Could you set down the records below exactly as they are, with no pictures?

Excerpted data Start Marker

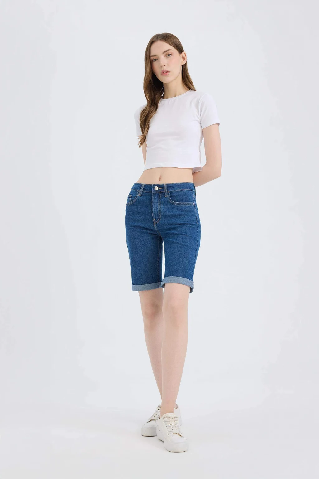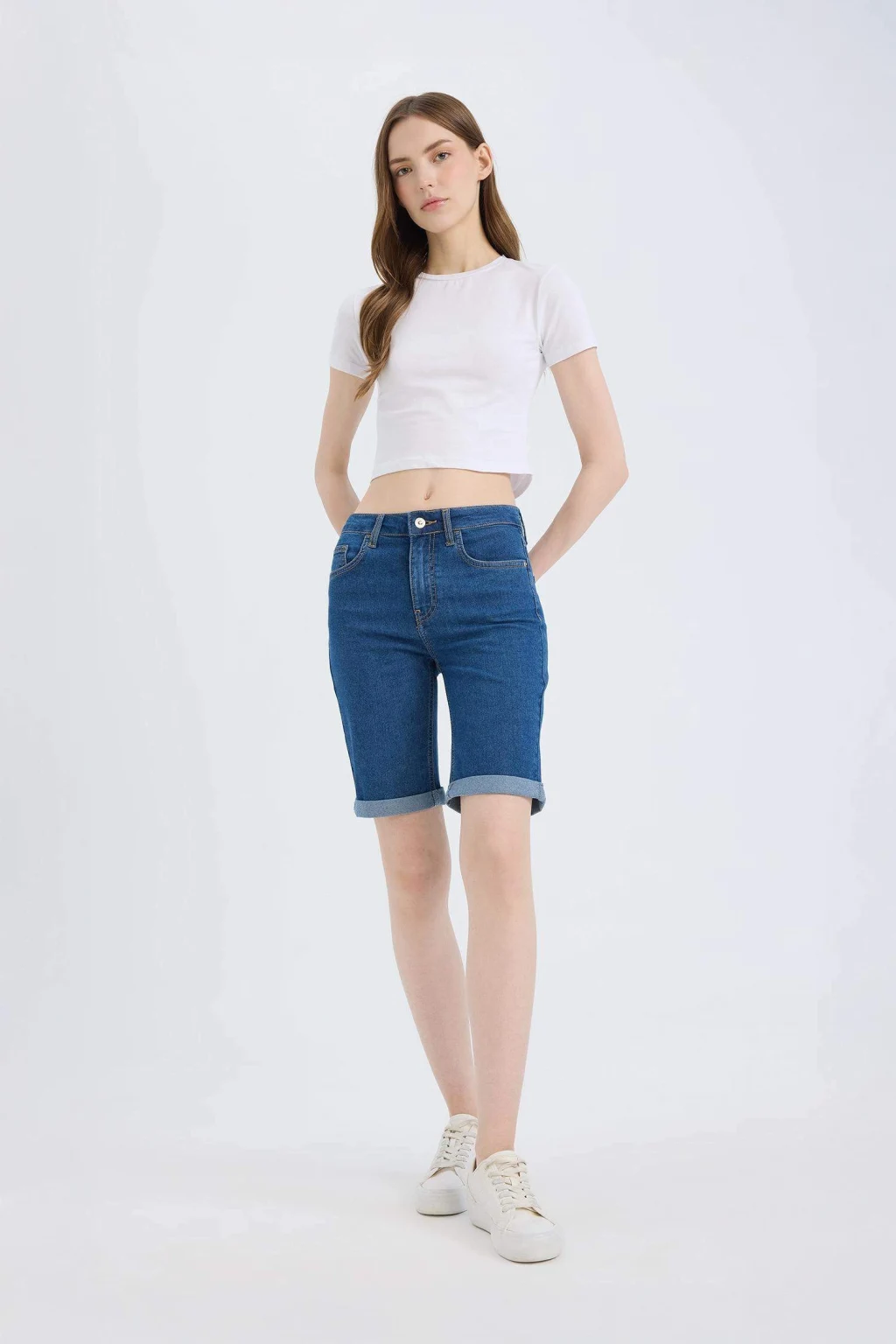 Normal Bel Katlamalı Paça Jean Bermuda, şıklığı ve rahatlığı bir araya getiren bir seçenektir. Bu bermuda, günlük kullanım için idealdir ve herhangi bir mevsimde giyilebilir. Yüksek kaliteli kumaşı ve mükemmel dikişleriyle uzun ömürlü bir üründür. Normal beli ve katlamalı paçalarıyla tarzınızı tamamlar. Herhangi bir kombinle mükemmel uyum sağlar ve gardırobunuzun vazgeçilmez parçalarından biri olur.
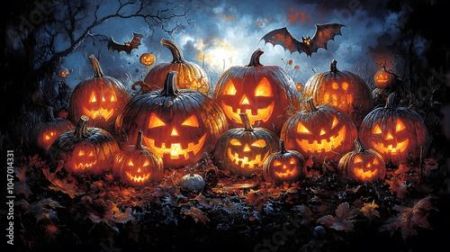 Fototapeta premium Fun Halloween art print showing a pumpkin patch filled with various jack-o'-lanterns
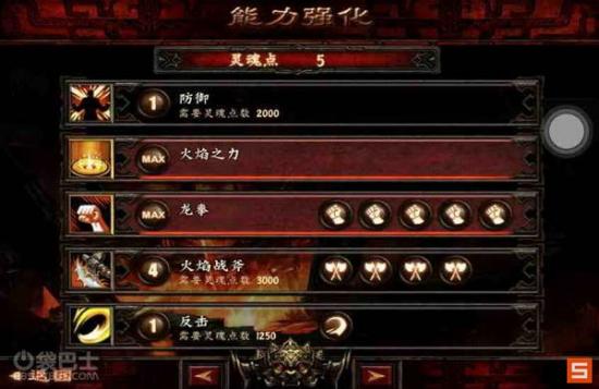 游戏需要使用杀死敌人所获得魂点来解锁和加强角色的能力,而一些技能需要某些条件达到后才能解锁。游戏中每个能力的最高可升级到5级。
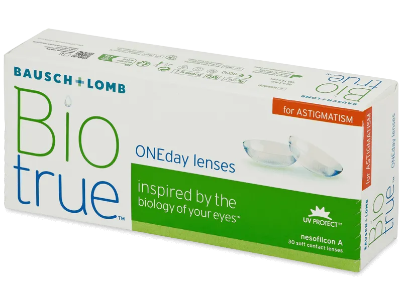 Δημιουργημένο με υλικό HyperGel (Nesofilcon A) για να εξασφαλίσει υψηλή περιεκτικότητα σε νερό και διαπερατότητα οξυγόνου, αυτοί οι φακοί Toric από την Bausch & Lomb παρέχουν εξαιρετική άνεση και απόδοση όλη την ημέρα.Το Biotrue ONEday για αστιγματισμό διατίθεται εδώ σε πακέτο των 30. Αυτοί οι καθημερινοί φακοί μιας χρήσης ανακουφίζουν όλες τις ενοχλήσεις που προκαλούνται από αστιγματισμό όπως πονοκεφάλους και θολή όραση.Υψηλή περιεκτικότητα σε νερό = Άνετη άνεση
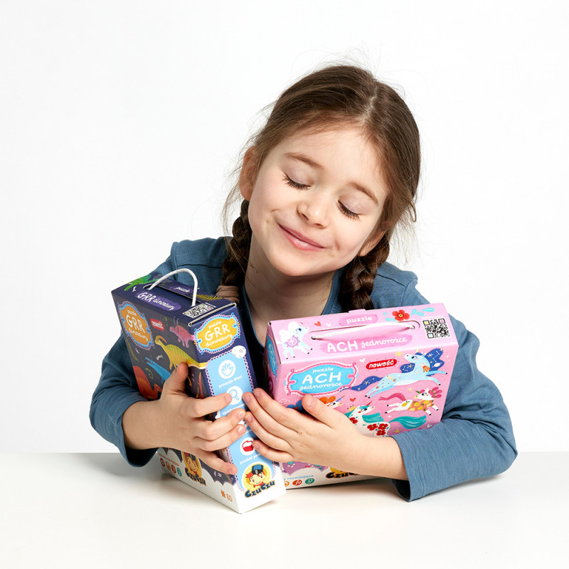 Bawcie się razem! Zacznijcie od ułożenia puzzli i obejrzenia ilustracji, aby poznać wszystkie magiczne konie i rumaki. Opiszcie ich kolory i atrybuty. Pomysłów na rozwijające zabawy inspirowane puzzlami jest mnóstwo: narysujcie własne jednorożce i pegazy, udawajcie je, wymyślajcie historyjki inspirowane bohaterami ilustracji. Oprawiona w ramkę układanka to przepiękna ozdoba pokoju ciekawego świata przedszkolaka. Puzzle ACH Jednorożce to pozycja obowiązkowa i doskonały pomysł na prezent dla najmłodszych marzycielek i marzycieli.

Excerpted data End Marker

### Reply to the exercise
 Normal Bel Katlamalı Paça Jean Bermuda, şıklığı ve rahatlığı bir araya getiren bir seçenektir. Bu bermuda, günlük kullanım için idealdir ve herhangi bir mevsimde giyilebilir. Yüksek kaliteli kumaşı ve mükemmel dikişleriyle uzun ömürlü bir üründür. Normal beli ve katlamalı paçalarıyla tarzınızı tamamlar. Herhangi bir kombinle mükemmel uyum sağlar ve gardırobunuzun vazgeçilmez parçalarından biri olur.
 Fototapeta premium Fun Halloween art print showing a pumpkin patch filled with various jack-o'-lanterns
 游戏需要使用杀死敌人所获得魂点来解锁和加强角色的能力,而一些技能需要某些条件达到后才能解锁。游戏中每个能力的最高可升级到5级。
 Δημιουργημένο με υλικό HyperGel (Nesofilcon A) για να εξασφαλίσει υψηλή περιεκτικότητα σε νερό και διαπερατότητα οξυγόνου, αυτοί οι φακοί Toric από την Bausch & Lomb παρέχουν εξαιρετική άνεση και απόδοση όλη την ημέρα.Το Biotrue ONEday για αστιγματισμό διατίθεται εδώ σε πακέτο των 30. Αυτοί οι καθημερινοί φακοί μιας χρήσης ανακουφίζουν όλες τις ενοχλήσεις που προκαλούνται από αστιγματισμό όπως πονοκεφάλους και θολή όραση.Υψηλή περιεκτικότητα σε νερό = Άνετη άνεση
 Bawcie się razem! Zacznijcie od ułożenia puzzli i obejrzenia ilustracji, aby poznać wszystkie magiczne konie i rumaki. Opiszcie ich kolory i atrybuty. Pomysłów na rozwijające zabawy inspirowane puzzlami jest mnóstwo: narysujcie własne jednorożce i pegazy, udawajcie je, wymyślajcie historyjki inspirowane bohaterami ilustracji. Oprawiona w ramkę układanka to przepiękna ozdoba pokoju ciekawego świata przedszkolaka. Puzzle ACH Jednorożce to pozycja obowiązkowa i doskonały pomysł na prezent dla najmłodszych marzycielek i marzycieli.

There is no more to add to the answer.